Industrial advancement in twentieth century fostered vast inner immigration. There was plenty of jobs available, new technologies made average life expectancy higher and financial well-being enabled people to have more children. With such a large amount of workers economies of the Western countries became way stronger. New taxation systems filled state budgets with money to make sure retirees have nice pensions. It worked pretty well for some twenty of thirty years. But then after babyboomers retired new generation took their working places. The point is that the new generation did not want to have that many children as babyboomers did. And that is the root of the problem. Industrial, or better to say post-industrial society, where people are supposed to spend their entire lives working somewhere in a city, requires permanent increase in population as the younger generation is to be taxed to get a certain amount of money to pension fund. If there is no constant increase of inhabitants, hence there is no money to support retirees to be. It is exactly what we are facing nowadays. If the average number of children in an average family during sixties and seventies was about three to four, later it dropped to two children and even more commonly to having a single child. In that way the number of future retirees jumped up while the number of young workers declined significantly and the situation is not going to change as modern trends and movements like child-free are very popular among the youth.

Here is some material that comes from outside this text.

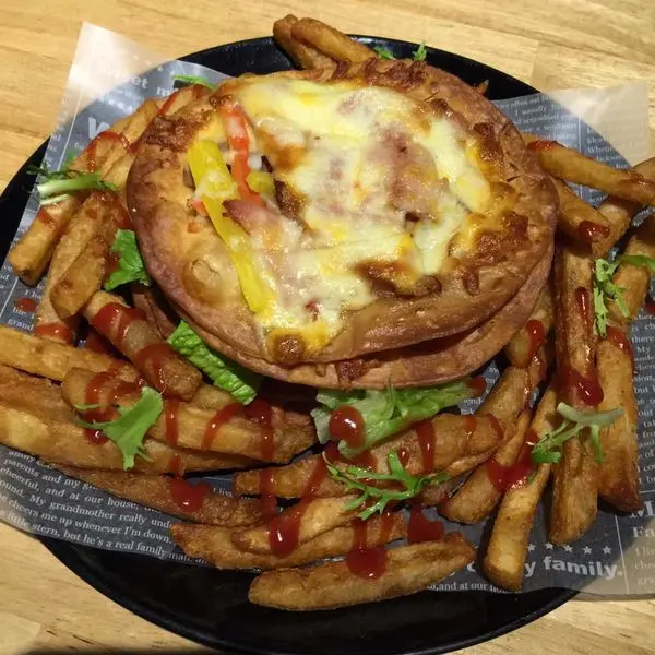 Pizza千層塔、KISS紅燒精燉牛肉麵、花生冰沙、點心炸雞翅+飲料x2杯
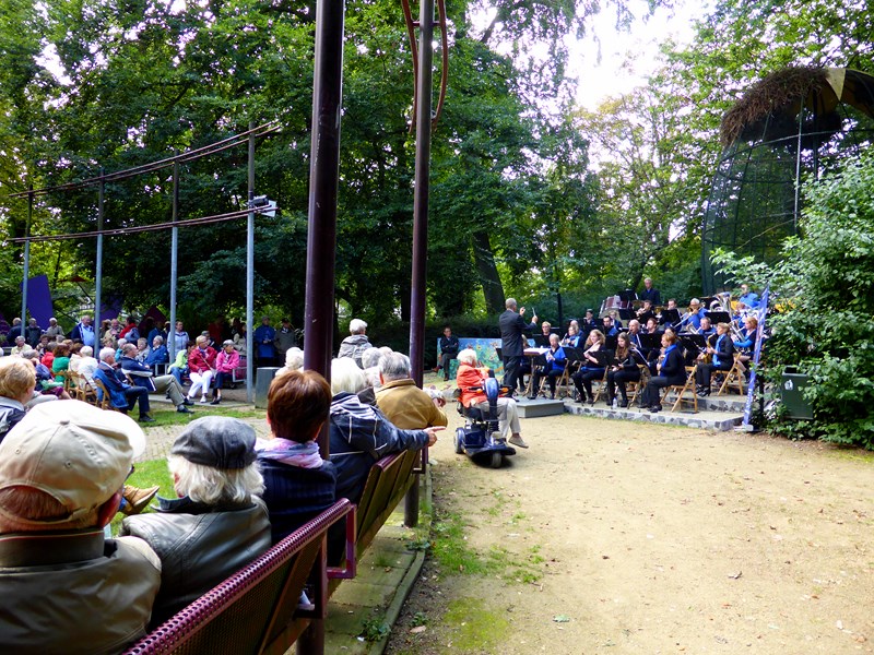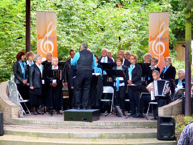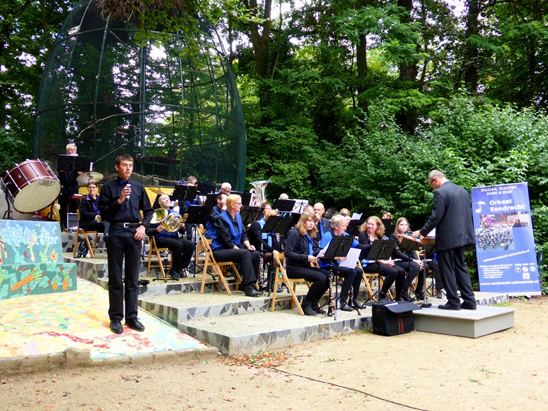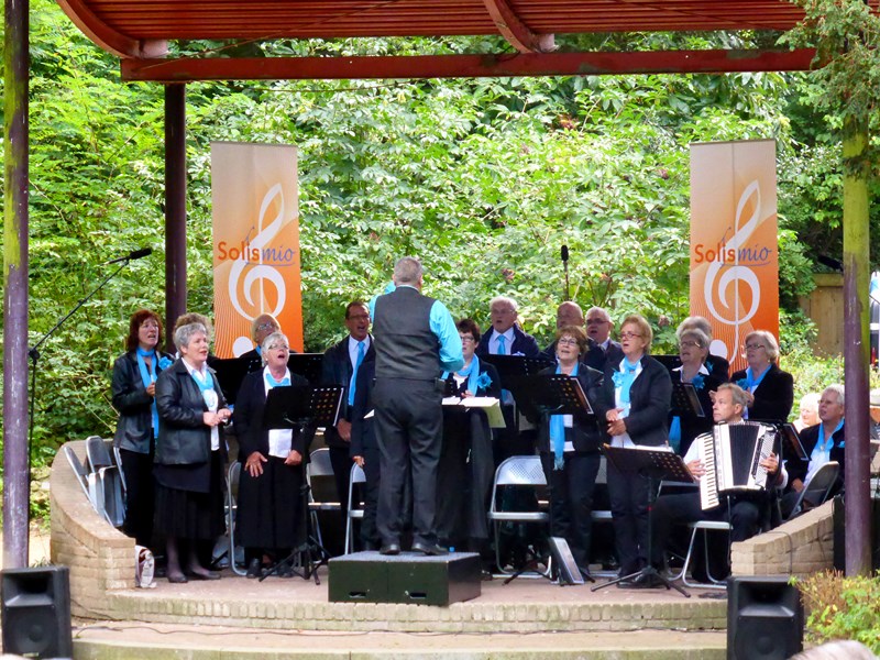 Op zondagmiddag 15 september was er op het Vogeleiland in Deventer een muzikale ontmoeting tussen het harmonieorkest muziekvereniging Eendracht en koor Solis Mio. Het koor nam plaats in de muziekkoepel en het orkest nam plaats voor het Ei. Dit zorgde dat het voor het publiek ook een actieve middag, zo om de 3 a 4 nummers (15 minuten) kon het publiek draaien naar of het optredende koor of orkest. De presentatie was in handen van Rik (tevens trompettist bij Eendracht) die hiermee zijn debuut maakte. We zijn het er allemaal mee eens, dit moet die vaker gaan doen.

Different countries are trying to solve that issue in different ways. In Scandinavia, for instance, they decided to make taxes higher and it seems to be working there as social security sphere gains tons of money each month from taxes (usual amount of taxes in Scandinavian countries varies from fifty to sixty per cent). Among other alternatives appropriate for highly industrialized countries there is increased amount of work. In a nutshell it is just encouraging people to work longer before retiring. It is very controversial option, though. First of all many poor people there tend to work on physically hard jobs, and working some more additional years seems to be absolutely invalid. The more complex problem with extending pre-retiring working time is that the job market is not actually very well adapted for it. Another possible solution is outer immigration. Several European countries like Germany are now experimenting with such an option, by now though it seems to make more new problems than solve existing ones.
All in all we have to admit that the problem with seniors being left with very little money is of dramatic importance. It is not yet clear how it is to be solved, or even if it is possible to solve such a complicated issue at all. The main point is that we bear the responsibility to support and help those people, who spend great part of their lives upbringing us.